Que mundo de gente pequena. Ser rico é ter segurança? Então ali é tudo pobre. "Ser livre é não ter medo" (Nina Simone).
 
A velha só tomou um café e foi-se embora. 

O casal fez um pedido enorme e ficou muito desapontado por não haver rabanada.

Joe Pera Talks With You (2018-2021)

Há uma semana exata, vi uma entrevista engraçadíssima de Joe Pera ao Seth Meyers. Ela levou-me até à série dele, Joe Pera Talks With You (originalmente do Adult Swim; no Brasil, está na HBO Max). Feita de três temporadas com episódios minúsculos, de 11 minutos, esperava que fosse só uma comédia divertida para relaxar um pouco depois de jantar, mas veio-me uma das produções de televisão mais perfeitas que alguma vez me passou pela frente. 
 
Parece um exagero, mas realmente não é. Não imagino como um episódio de televisão possa ser melhor do que, por exemplo, Joe Pera Reads You The Church Announcements, o sexto da primeira temporada, que tem uma classificação de 9,6 no IMDB. 
 
São episódios escritos com a precisão de um relógio, mas filmados e editados com tempo para respirar. O tom é carinhoso, lembra Derek e certamente influenciou Ted Lasso, mas o pé fica no chão, junto da comunidade que a inspirou e onde foi gravada, com aquela quarta parede translúcida ao jeito de P'tit Quinquin. Impressiona (ou talvez não) que uma história simultaneamente tão real e tão carinhosa, que passa o tempo a dizer-nos que os absurdos do mundo são para atravessar juntos, tenha surgido durante a presidência Trump. É um abraço em forma de série como nunca vi e não a posso recomendar mais.

Os ecologistas

Pessoas que conheço conseguiram emplacar uma série portuguesa de sucesso internacional na Netflix — e ficam já aqui os meus abraços de parabéns para todos.

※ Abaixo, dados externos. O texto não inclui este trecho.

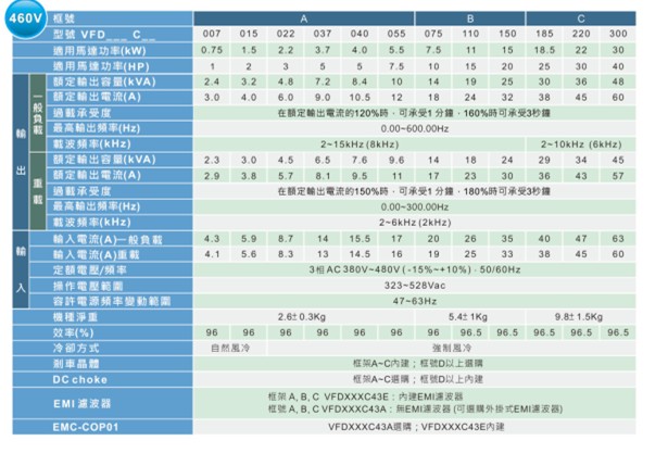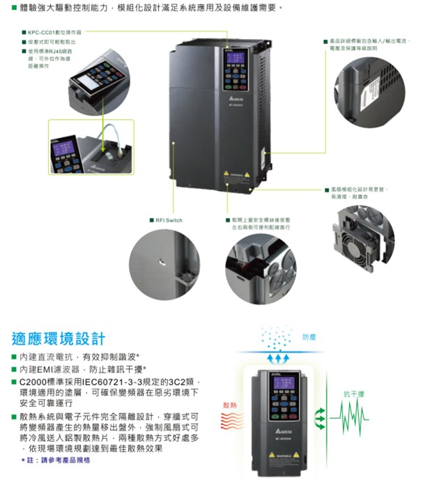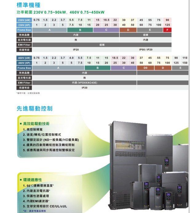 VFD-C2000 VFD022C43E 380V/3P,2.2kW,内置10k PLC,内建刹车,DC电抗选购,EMI内建,UL,CE
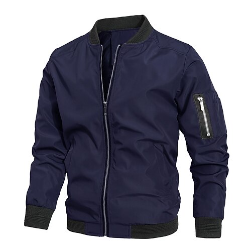Per uomo Giubbotto bomber Giacca di transizione Uscire Tasca Tutte le stagioni Semplice Classico Collo alla coreana Regolare Nero Blu marino Grigio Giacca
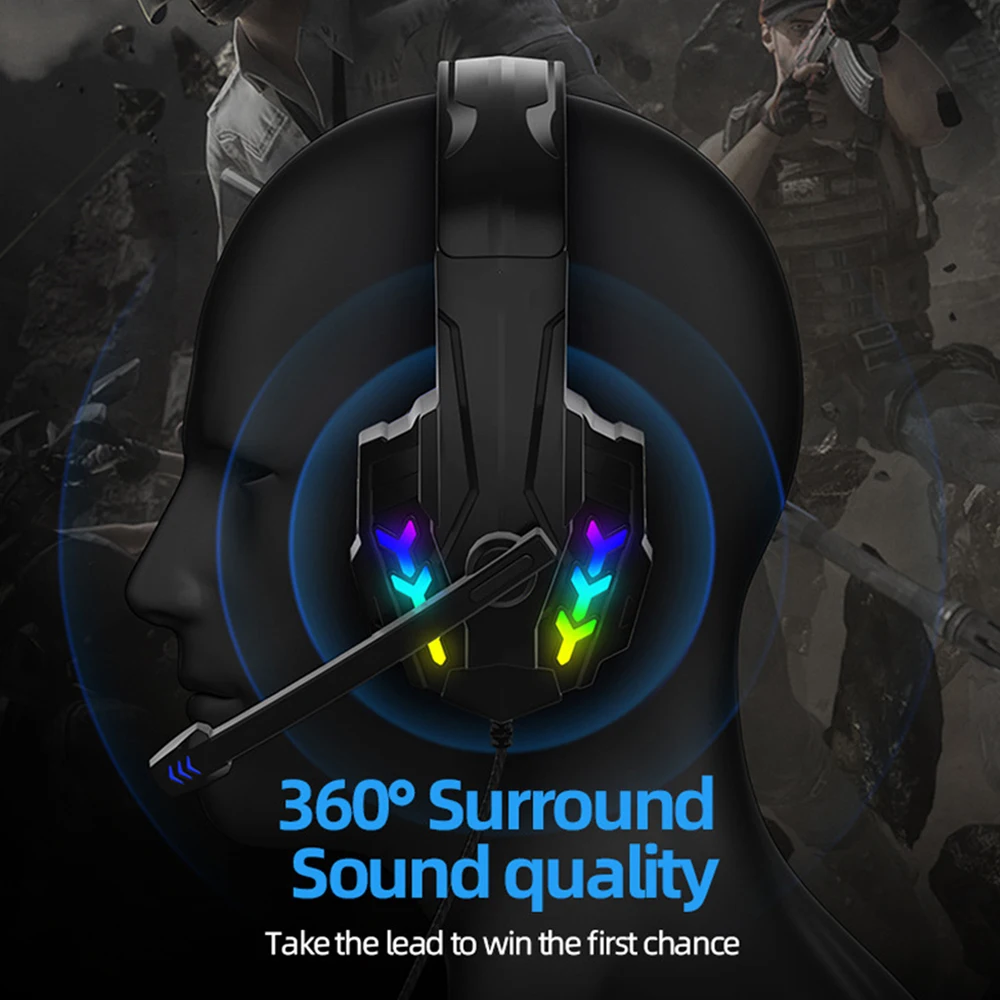 6. [Dazzling LED lights] LED lights are designed on the earmuffs and microphone to highlight the gaming atmosphere.
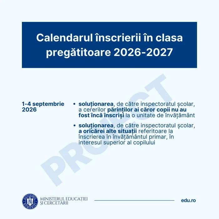 Ministerul Educației a lansat în consultare calendarul înscrierii în clasa pregătitoare pentru anul școlar 2026-2027
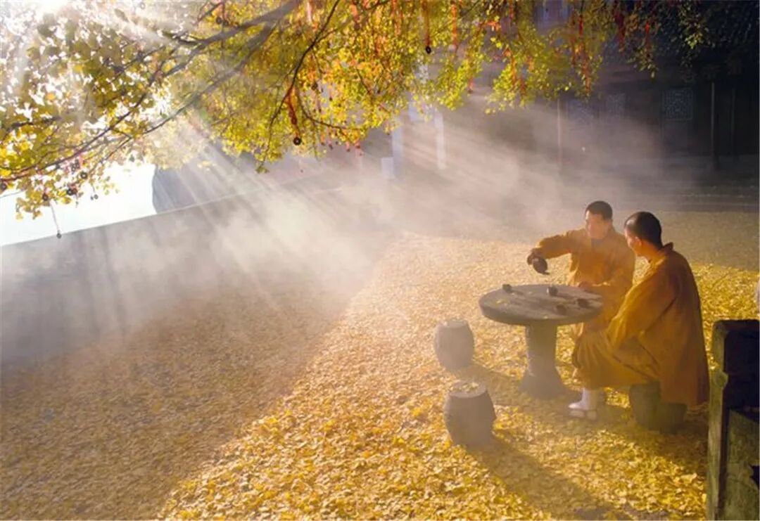 方丈看他衣著簡(jiǎn)單、相貌平常,就把他當(dāng)作一般的客人對(duì)待,非常冷淡隨意的說(shuō)了聲“坐”,又對(duì)小和尚說(shuō):“茶”。
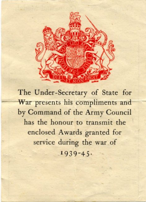 War Service Medal Cover Letter - Lt Marjorie Earley QARANC TANS  (R).
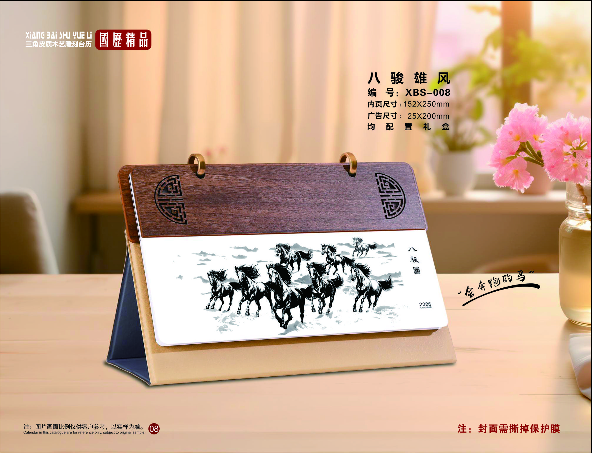 三角皮質(zhì)木藝雕刻臺(tái)歷-八駿雄風(fēng)
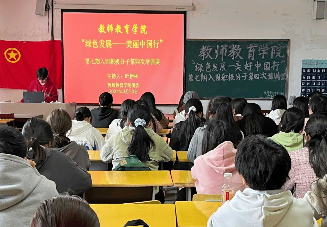 3月20日,taptap点点于J305教室开展“倡导绿色发展——美丽中国青春行”主题团课。院团委实践委员叶伊林主持活动,学院入团积极分子到场参加。
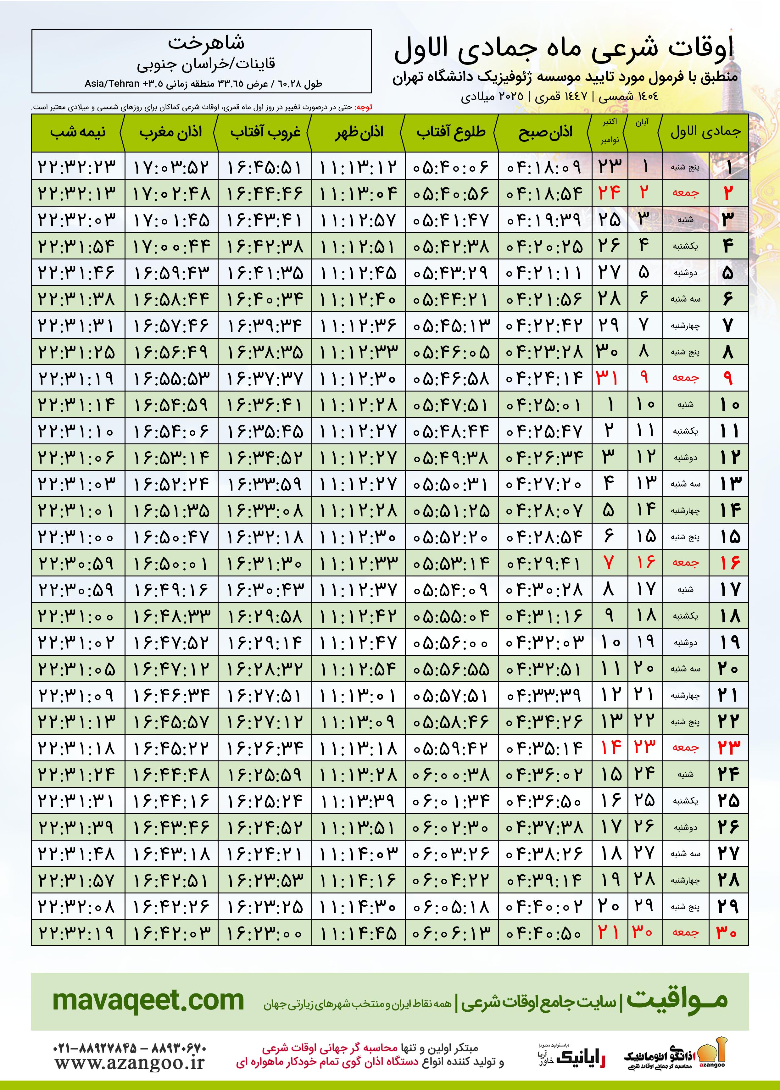 اوقات شرعی ماه جمادی الاول ١٤٤٧ هـ.ق شهر شاهرخت بر
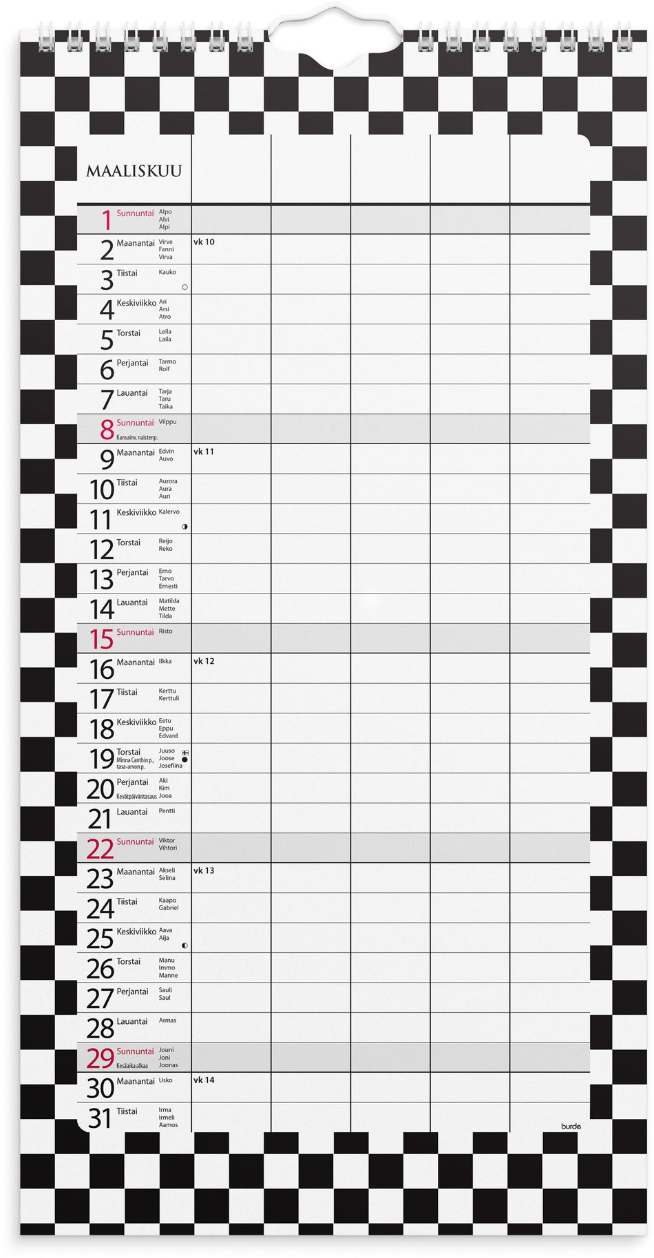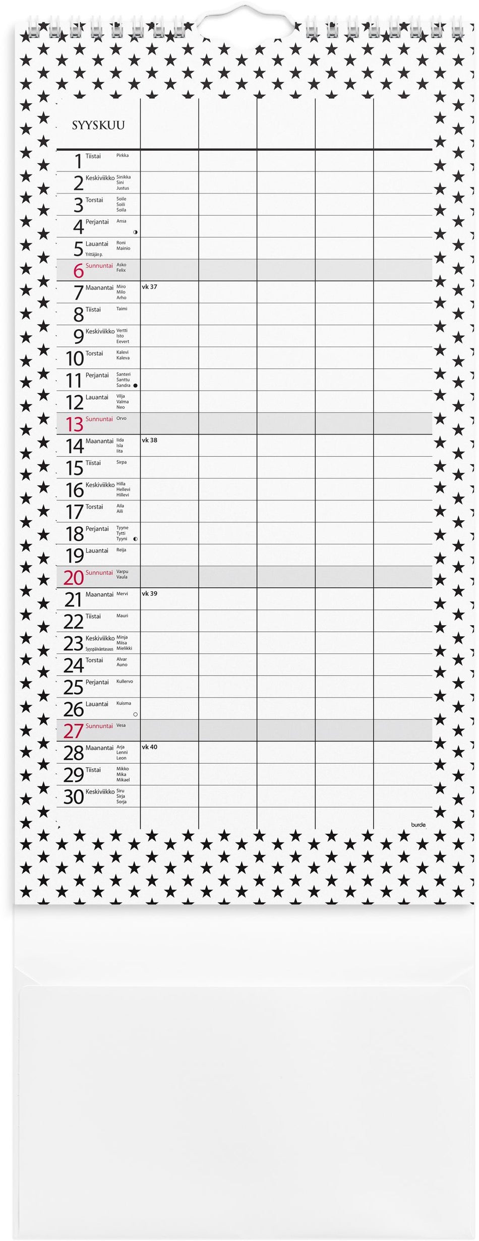 12 sivua. Moderni suunnitelmakalenteri viidellä sarakkeella. Kätevä paperitasku tärkeille papereille.. Kalenteri sisältää nimipäivät, liputuspäivät, kansalliset pyhäpäivät ja kuun vaiheet. Suomenkielinen. Parikierresidottu. FSC®. Koko: 220x430 mm (ilman paperitaskua). Lue lisää
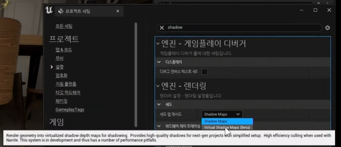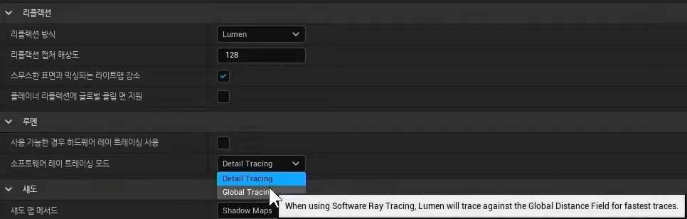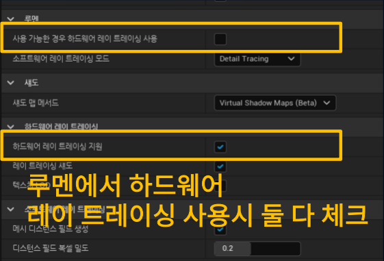 소프트웨어 레이 트레이싱 사용 시 Affect Distance Field Lighting 체크 해제
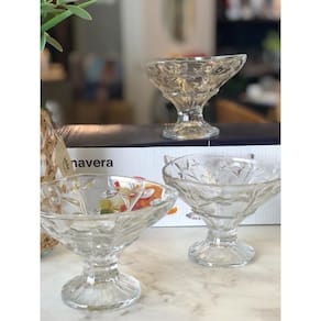 Contem 3 taças para sobremesa em vidro decorado em alto relevo; Altura: 9,5cm Diametro: 13cm Capacidade: 300ml Criada no início da década de 90 a Dynasty nasceu como uma marca inovadora de produtos para a cozinha, bar e vinho, e mesa posta. Conhecida pela qualidade, variedade e beleza, a marca se consagrou nos lares brasileiros e se tornou uma das mais importantes em houseware do país. Moderna, descolada e confiável.
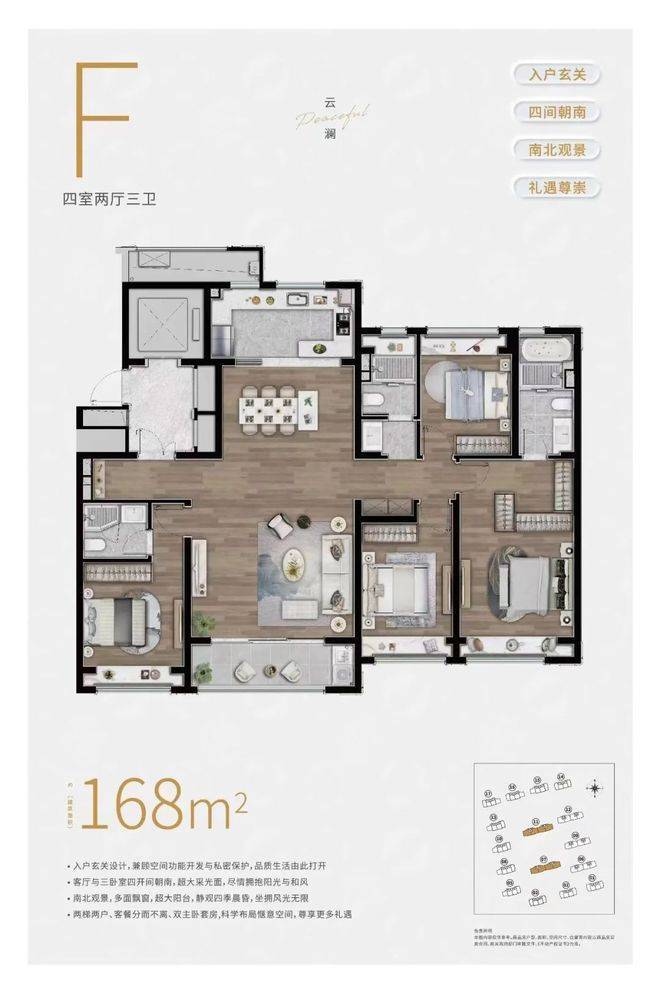 另外,四房户型双房朝北似乎是逃不开的问题,但陆家嘴锦绣云澜这个建面约168㎡的4房却做到了三间卧室全朝南,并且南向双套房设计。
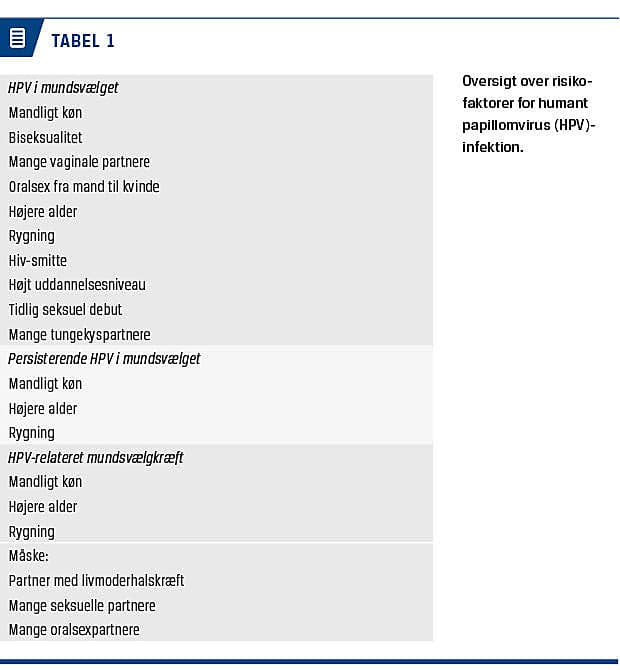 Risikofaktorer for HPV-infektion i mundsvælget er mandligt køn, biseksuel orientering, ingen fast partner, flere vaginale partnere, hyppig oralsex fra mand til kvinde, ano-oral-sex, hiv-positiv status, rygning, højere alder, høj uddannelse og tidlig alder ved seksuel debut [10, 12, 19, 20] (Tabel 1). Et stort antal tungekyspartnere er muligvis også associeret med øget incidens af oral HPV-infektion, men flere valide studier af dette mangler [21, 22]. HPV-incidensen er størst i populationer fra venerologiske klinikker (16 pr. 1.000 person-mdr.) faldende til ca. halvdelen blandt studerende og endnu lavere hos ikkestuderende voksne [20].

Então, porque leio tantas opiniões do estilo «ah, mas a série devia ser assim e assado»? E porque o "assim e assado" parece coincidir com as características daqueles filmes portugueses que se dão por satisfeitos com 2 mil bilhetes vendidos ou daquelas séries que batalham para conquistar umas poucas centenas de milhar de espectadores?

Estou certo que quem critica não deixou passar nenhuma destas obras. Foram ver todas ao cinema e estiveram atentos sempre que um novo episódio estreou na televisão. Dito isso, eu não tenho nada contra nichos. Estou em vários, e vejo muitas dessas coisas que são pouco vistas. O que não entendo é porque neste caso a conversa é centrada na imposição de um padrão sobre a obra, a ver se encaixa, como um acetato num retroprojetor das antigas. Tenho a sensação que, nos últimos dias, li dezenas de variações da frase "a série fez sucesso, mas não é X".

O X pode ser a teoria de autor francesa, as formulações de Adorno sobre a cultura de massas ou o modelo narrativo hollywoodiano. Pode até ser outra série que se apreciou no passado e se tornou sombra da caverna de Platão particular que cada um carrega.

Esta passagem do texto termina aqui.